念のため、懐中電灯を持っていく。今はあまり暗くはないけれど、もう30分もすれば暗くなるだろう。
 
 近くのスーパーと言っても、歩いて20分はかかる。
 わたしはため息をついて、黙々と道のりに沿って歩いていた。

 スーパーの方へ向かうにつれて、だんだん周りが明るくなってくる。
 街の明かりが足元を照らして、暗さの心配はいらなかった。
 
 帰宅ラッシュでたくさんの車が交差している。
 駅の近くだからか、たくさんの人が道を埋め尽くしていた。

 人ごみをかき分け、やっとの思いでスーパーにつくと、かごを持ってすぐに目的の片栗粉の売っているコーナーに行く。
 いつも買っている片栗粉を一袋手にとって、かごに入れる。

 ずしり、とかごを持つ手に重みが加わった。

「あとは……」

 キャベツに、しめじ。
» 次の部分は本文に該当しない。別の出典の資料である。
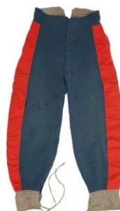
Obrázek 12 – donské kozácké kalhoty s pruhy

Dalším typickým symbolem jsou pruhy na kalhotách, ukazující na kozáckou příslušnost. Jsou to barevné nášivky na kozáckých kalhotách. Podle barvy se pozná příslušnost k vojsku a barva je vždy stejná jako pruhy na čepici. Symbolizuje svobodu kozáků a u jednotlivých vojsk se mohou barvy lišit. Například donští mají rudé pruhy, orenburské vojsko má pruhy modré a Zabajkalci zase žluté. [17]

ウインナーもリストに入っている。
 あと、お姉ちゃんが大好きなチョコレート菓子もこっそり書かれていた。
 きっと追加したんだろうな。お姉ちゃんらしい。

 全てをかごに入れたときには、かなりの重さになっていた。
 いつもお母さんに任せていたばっかりだったから、こんなに重いものを持っていてくれたお母さんはすごいと思う。
 
 カートを持ってくればよかったかな、とわたしは少し前の自分の行動を悔やんだ。
 今からじゃ遅い。仕方ない、もうあとはお会計だけだし……。

 さっとお会計を済ませて、そのときに残っているお姉ちゃんからもらった1,000円札を思い出した。
 どうしよう、このまま返そうかな……。

 次の待っていたお客さんに急かされて、わたしは慌ててその場を離れた。
 結局、1,000円札はお財布の中に残っていた。